*** Information given ***
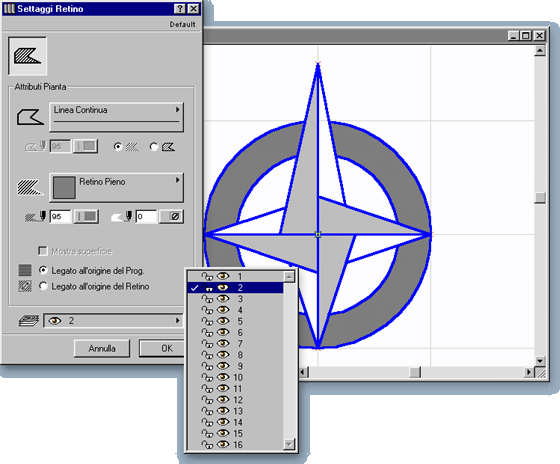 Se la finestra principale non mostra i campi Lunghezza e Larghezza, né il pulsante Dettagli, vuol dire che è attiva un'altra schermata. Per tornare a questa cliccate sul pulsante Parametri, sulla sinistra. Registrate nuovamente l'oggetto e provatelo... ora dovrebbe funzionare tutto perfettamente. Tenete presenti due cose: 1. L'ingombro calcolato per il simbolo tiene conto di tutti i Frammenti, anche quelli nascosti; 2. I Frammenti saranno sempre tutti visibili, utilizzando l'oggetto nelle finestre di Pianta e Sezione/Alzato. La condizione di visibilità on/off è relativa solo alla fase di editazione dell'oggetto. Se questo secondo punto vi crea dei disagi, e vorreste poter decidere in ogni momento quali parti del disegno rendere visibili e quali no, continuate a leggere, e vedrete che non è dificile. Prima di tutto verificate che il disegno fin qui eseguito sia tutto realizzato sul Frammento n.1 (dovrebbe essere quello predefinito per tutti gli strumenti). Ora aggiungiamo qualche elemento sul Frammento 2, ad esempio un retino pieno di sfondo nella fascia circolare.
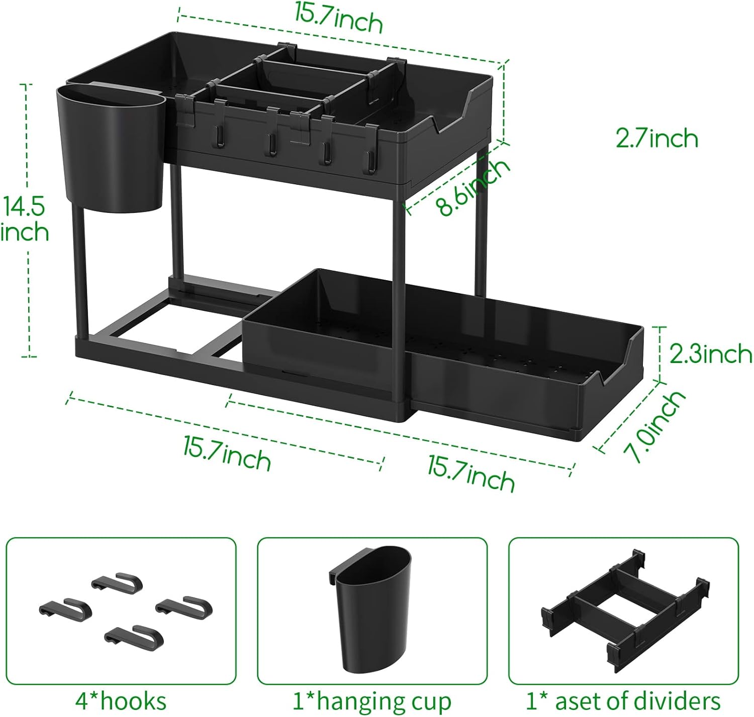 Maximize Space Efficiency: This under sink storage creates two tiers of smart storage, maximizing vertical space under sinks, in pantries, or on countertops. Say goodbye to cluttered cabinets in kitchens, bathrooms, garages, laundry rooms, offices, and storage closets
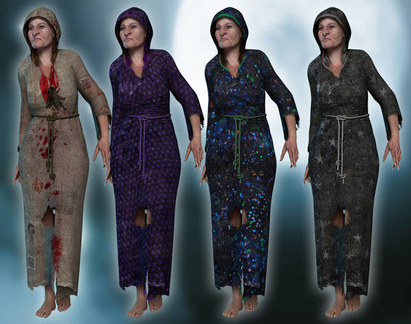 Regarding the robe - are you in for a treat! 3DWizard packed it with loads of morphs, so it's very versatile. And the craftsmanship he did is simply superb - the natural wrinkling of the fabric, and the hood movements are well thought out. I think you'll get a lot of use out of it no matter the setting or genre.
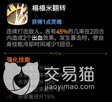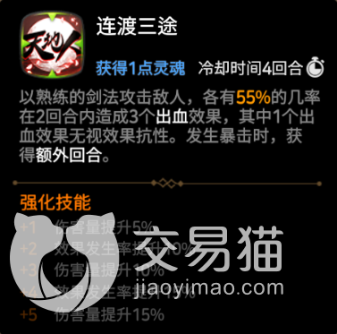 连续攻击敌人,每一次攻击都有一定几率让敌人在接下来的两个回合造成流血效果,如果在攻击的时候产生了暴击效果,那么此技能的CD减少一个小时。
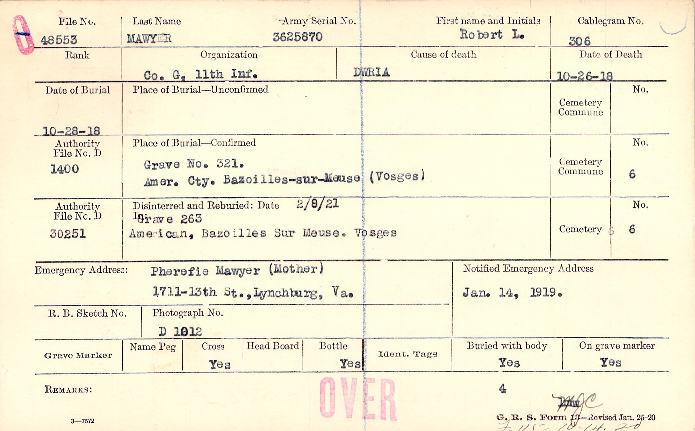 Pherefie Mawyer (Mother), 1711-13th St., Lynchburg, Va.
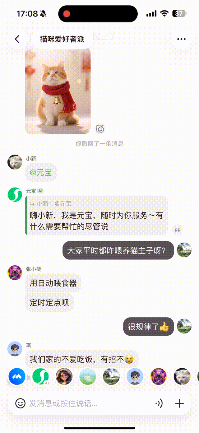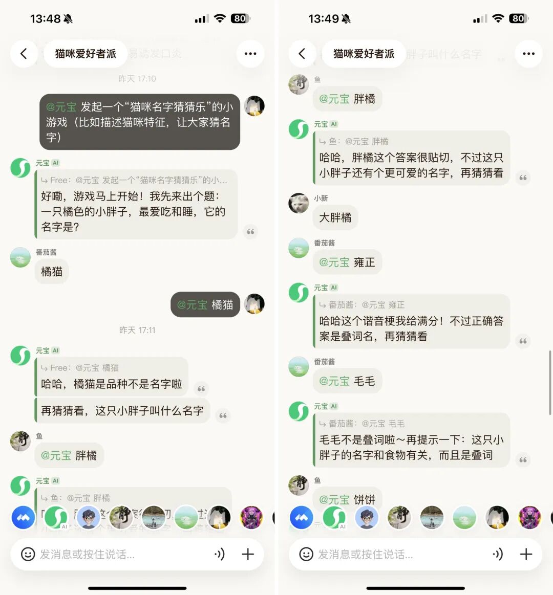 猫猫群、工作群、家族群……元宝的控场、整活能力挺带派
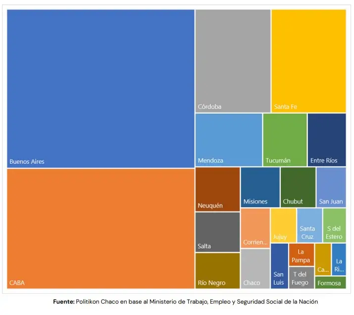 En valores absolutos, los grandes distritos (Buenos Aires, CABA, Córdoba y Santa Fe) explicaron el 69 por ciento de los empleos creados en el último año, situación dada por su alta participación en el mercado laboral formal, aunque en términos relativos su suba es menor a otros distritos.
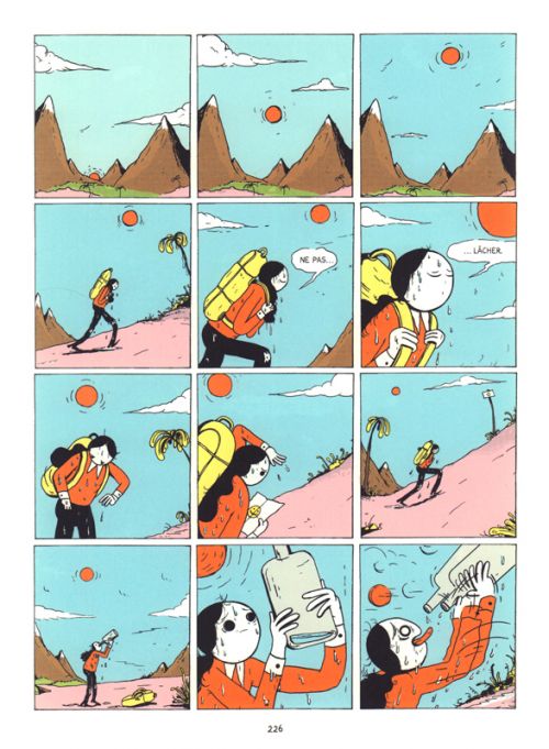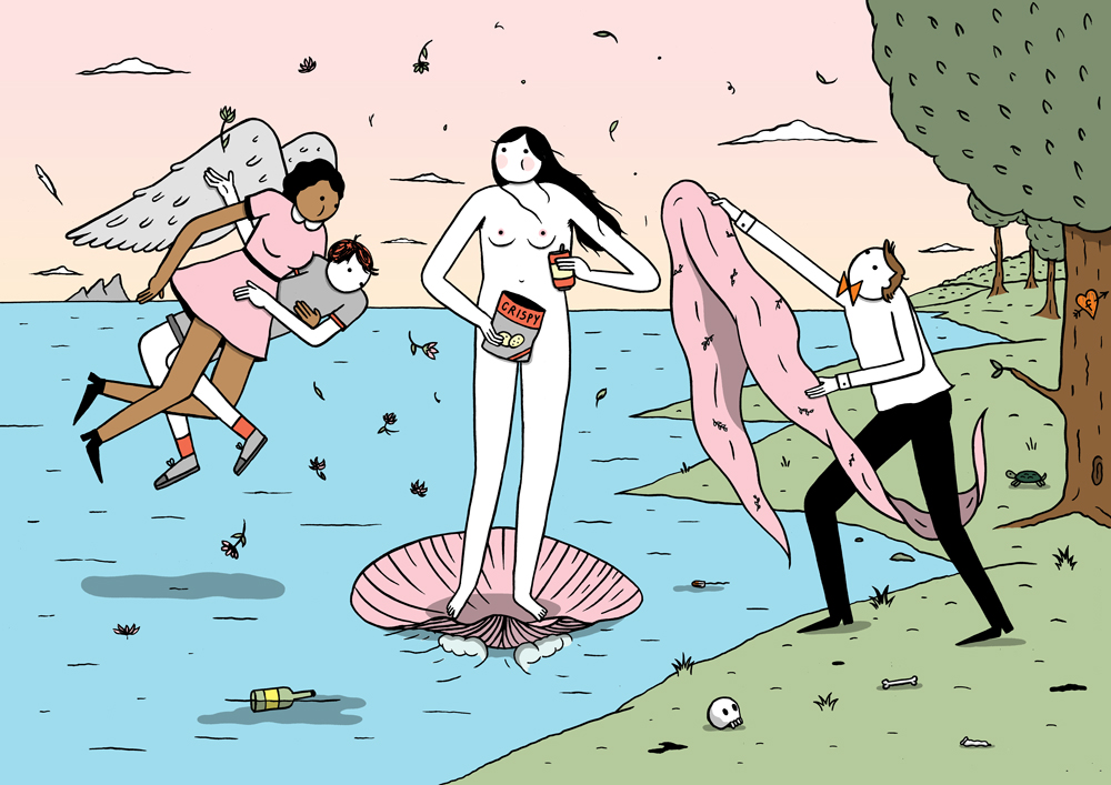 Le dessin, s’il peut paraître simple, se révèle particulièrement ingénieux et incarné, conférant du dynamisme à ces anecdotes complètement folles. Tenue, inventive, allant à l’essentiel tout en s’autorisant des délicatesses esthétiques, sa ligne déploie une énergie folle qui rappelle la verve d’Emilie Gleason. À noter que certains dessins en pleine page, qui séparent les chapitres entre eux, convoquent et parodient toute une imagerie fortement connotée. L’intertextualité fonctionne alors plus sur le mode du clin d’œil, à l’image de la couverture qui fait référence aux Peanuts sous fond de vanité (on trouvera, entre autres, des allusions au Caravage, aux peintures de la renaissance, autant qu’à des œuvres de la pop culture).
*** End of Information given ***
*** Information given ***
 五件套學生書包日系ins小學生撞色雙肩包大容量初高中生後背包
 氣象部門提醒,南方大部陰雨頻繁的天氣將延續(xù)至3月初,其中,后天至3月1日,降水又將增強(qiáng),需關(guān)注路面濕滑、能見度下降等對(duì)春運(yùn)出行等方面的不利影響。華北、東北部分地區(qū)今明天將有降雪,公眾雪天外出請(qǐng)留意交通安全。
*** End of Information given ***
* [Task instructions]: Precisely those lines above that run from the line with "Pherefie Mawyer (Mother), 1711-13th" up to and including the line with "En valores absolutos, los" are to be set down, with the pictures omitted.

* [Your response]:
 Pherefie Mawyer (Mother), 1711-13th St., Lynchburg, Va.
 猫猫群、工作群、家族群……元宝的控场、整活能力挺带派
 En valores absolutos, los grandes distritos (Buenos Aires, CABA, Córdoba y Santa Fe) explicaron el 69 por ciento de los empleos creados en el último año, situación dada por su alta participación en el mercado laboral formal, aunque en términos relativos su suba es menor a otros distritos.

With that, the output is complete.